The objective component is the stated goals of the unit. These usually come in the form of educational standards developed by a school district, state department of education, or the federal government. Essentially, at the end of the lesson, what is it that the students should know and be able to do? Typically objectives are written to complete some variation of this sentence…”Upon completion of this lesson, the students will be able to _____________.

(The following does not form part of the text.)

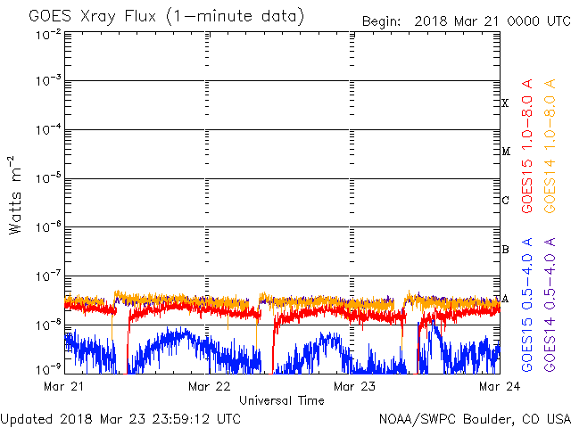 De operationele data in de bovenstaande grafiek werd aangepast om de schaalfactor te verwijderen die werd toegepast door het Space Weather Prediction Center (SWPC). Vanwege de SWPC-schaalfactor in de operationele data werden de zonnevlammen 42% kleiner gerapporteerd dan deze in de wetenschappelijke data. De schaalfactor werd ook verwijderd uit de lijst met zonnevlammen om de werkelijke fysieke eenheden weer te geven.
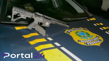 Um fuzil calibre 5.56 foi apreendido pela Polícia Rodoviária Federal durante uma abordagem de rotina na BR-277, em Santa Tereza do Oeste, nesta sexta-feira (20).

Bloom’s Taxonomy is at the heart of all objectives. Bloom established three learning domains: cognitive, affective, and psychomotor. Cognitive is knowledge, affective is attitude, and psychomotor is skills. The cognitive area will be the focus of this blog. In the cognitive domain, there are six categories of learning that are set up in a hierarchy: Knowledge, Comprehension, Application, Analysis, Synthesis, and Evaluation. Action verbs that begin written objectives in a curriculum establish the level of thinking required to complete the action and therefore allow curriculum to be given a difficulty rating. Curriculum that focuses on Synthesis and Evaluation requires higher levels of thinking than a curriculum written to teach Knowledge and Comprehension. A good curriculum should include a variety of Bloom’s verbs. In fact, a curriculum should start at the lower levels of Bloom’s Taxonomy and build upon itself to the higher levels of thinking. A common problem with curriculum however is that students are never required to move to higher level thinking. Memorization and regurgitation of facts and information is all too common in a weak curriculum. Action verbs such as restate, define, and list are found in objectives when instead the verbs should be create, analyze, assess, and evaluate. These higher level thinking skills will help the student learn the content past the point of simply recalling information. Instead, they will be able to utilize learned information in the real world.